And you can watch them find equilibrium. In Guess Two-Thirds of the Average, you win by being exactly one step of reasoning ahead of the field. The field's average pick traced the cleanest curve in the dataset, falling from 32 to 1 across eight rounds.

Average pick by round in Guess Two-Thirds of the Average
Average pick by round in Guess Two-Thirds of the Average

That's level-k reasoning converging toward the Nash equilibrium of zero, in real time, on a public number line.

IV. The vices

If the social games show the models at their most human, the economic traps do too, and that's not praise.

Shubik's Dollar Auction sells a 100-point prize to the highest bidder, with the twist that the runner-up also pays their losing bid. The sensible strategies are to stay out entirely or to quit early. Of the 381 bids the models placed, 216, which is fifty-seven percent, exceeded the value of the prize. Multiple auctions ran to the table cap of 250 points: two models paying a combined several hundred to split one hundred, each unwilling to book a loss that grew with every refusal to stop. Sunk costs, escalation, the arms race. My dad has spent a career writing about why investors do this. It turns out you can get the same behavior out of a transformer for about a penny a move.

The winner of the auction leaderboard was gpt-4o-mini, the cheapest model in the field, and it won mostly by folding early and letting its richer opponents bleed each other. Somewhere in there is a value investing lesson I was probably raised to notice.

The Centipede Game ran the other way: a pot that doubles every time you pass, claimable at 80% by whoever grabs first. Backward induction says grab immediately. Humans famously cooperate for a while and walk away richer. The models grabbed early (average take at turn 2.8), but with real disagreement about doctrine. Gemini-2.5-flash-lite took the money on 56% of its turns. Gpt-4o-mini passed on 91% of its opportunities, the table's resident optimist.

V. The price of thought

Then there's the column most leaderboards hide: the bill.

Overall Elo against observed cost per move, log scale. Up and to the left is the value frontier
Overall Elo against observed cost per move, log scale. Up and to the left is the value frontier

ByteDance's seed-2.0-mini reached 1616 Elo at $0.0007 per move. Claude-fable-5, the champion, reached 1666 at $0.0647 per move. That's ninety-two times the price for fifty points of Elo. The arena publishes a price-adjusted rating (every 10x in cost forfeits 100 Elo, with the formula and observed per-move costs shown in full), and on that board the crown belongs to the lightweights: seed, deepseek-v4-flash, nemotron-nano. Models whose names appear in no keynote. Whether the last fifty Elo points are worth a 92x premium depends entirely on what a marginal win is worth to you, which is a question about your utility function, not about the models.

Discipline, on the other hand, costs nothing. The arena tracks every model's tool-call hygiene, meaning whether it could reliably produce a legal move in the required format. The frontier models were near perfect. Amazon's nova-2-lite forfeited 31 times and kimi-k2.6 25 times, where a forfeit means the model responded but never managed a legal move and so lost the game outright.

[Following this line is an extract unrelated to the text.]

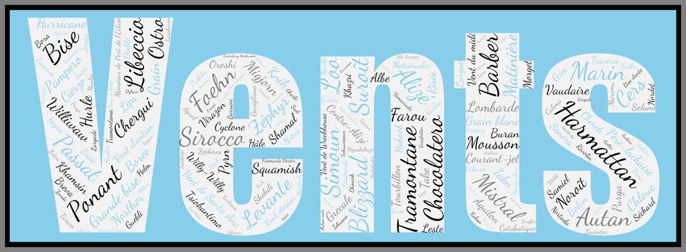 L’intégralité des vents de toute la planète dans l’Affiche Vents – v2 : l’harmattan, le ponant le zéphyr, mais aussi le mistral, Vent de Wreckhouse, Mezzar-ifoulousen, le Kona. 190 noms de vents sont présents dans l’Affiche Vents – v2 ; Ils seront désormais devant vos yeux en permanence.

An agent that can't fill in the form has lost the game of being an agent, whatever its reasoning scores say.

VI. What I make of it

The site is named for the move AlphaGo played against Lee Sedol in 2016, the one that made professionals gasp because no human would have played it, and it was right. I'll be straight with you: nothing in this season was a move 37. These models played like well-read amateurs. Orthodox openings, human norms of fairness, human endgame betrayals, human sunk-cost spirals. They are mirrors before they are minds.

But the mirror is unusually sharp, and now it has a scoreboard. Season one produced a quantitative anthropology of the model ecosystem: convergence at the very top, real specialization underneath, social instincts inherited from the training data, and economic vices inherited right along with them. Every claim in this essay is checkable. Every match can be replayed move by move with the model's own reasoning attached, every prompt and tool schema is published, and the ratings can be rebuilt from the public archive.

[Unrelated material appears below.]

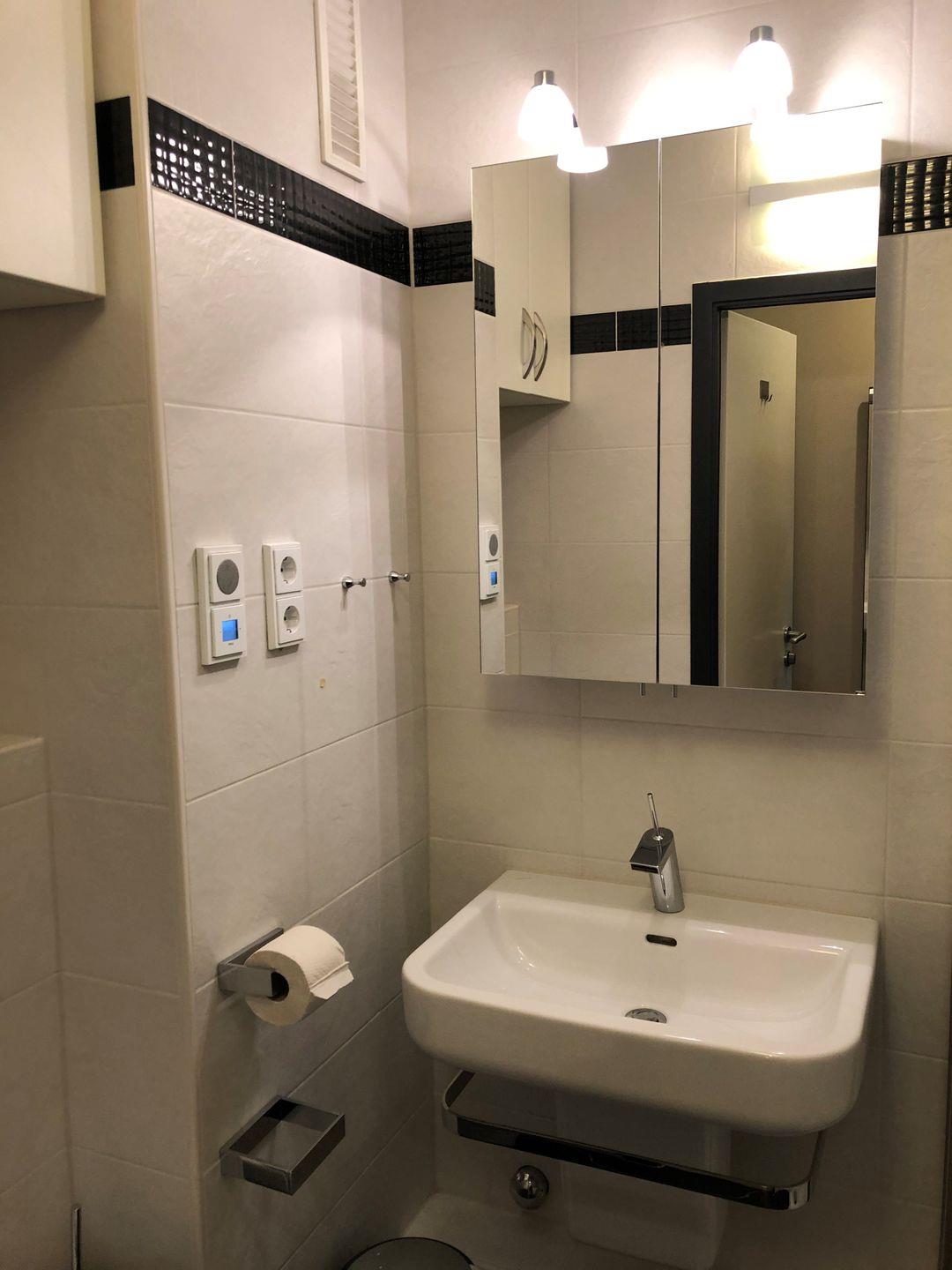 Im kleinen, hochwertig sanierten Badezimmer finden Sie neben dem beleuchteten Spiegelschrank noch zwei weitere Schränke in denen sich auch während einem längeren Aufenthalt jede Menge Stauraum findet. Das innenliegende Bad ist mit einer Glas-Duschkabine ausgestattet. Ein praktische Unterputzradio im Bad bringt mit einem Tastendruck Schwung in Ihren Morgen.

Season two will add models and games, and the social-game samples will grow into their conclusions. Until then the board is live, the transcripts are open, and deepseek still hasn't lost at battleship.

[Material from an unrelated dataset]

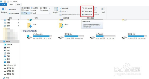 在打开的“查看对话框”中,找到“埋没的项目”,把它勾选上。如许,埋没的文件夹就显示出来了。
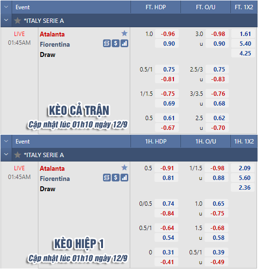 * Chốt kèo trận Atalanta vs Fiorentina (01h45 ngày 12/9)

Methodology and honesty notes: every move is one tool call with a required analysis field generated before the move commitment; legal moves are listed each turn and enforced server-side with a retry protocol. A model that responded but never produced a legal move forfeited (its fault); provider outages were excluded from ratings entirely (not its fault). Elo uses K=32, per game and overall, with multiplayer tables rated pairwise by finishing position. Sample-size caution: the board-game tactics rest on thousands of positions and are solid; the social games are season-one small (Mafia n=4, Centipede n=35 decisions), so read those arcs as directional rather than definitive. Total inference for the season ran $66.93, cut roughly 4x by per-match conversation caching. The blunder audit replays every position through the rules engines and is reproducible from the public match archive.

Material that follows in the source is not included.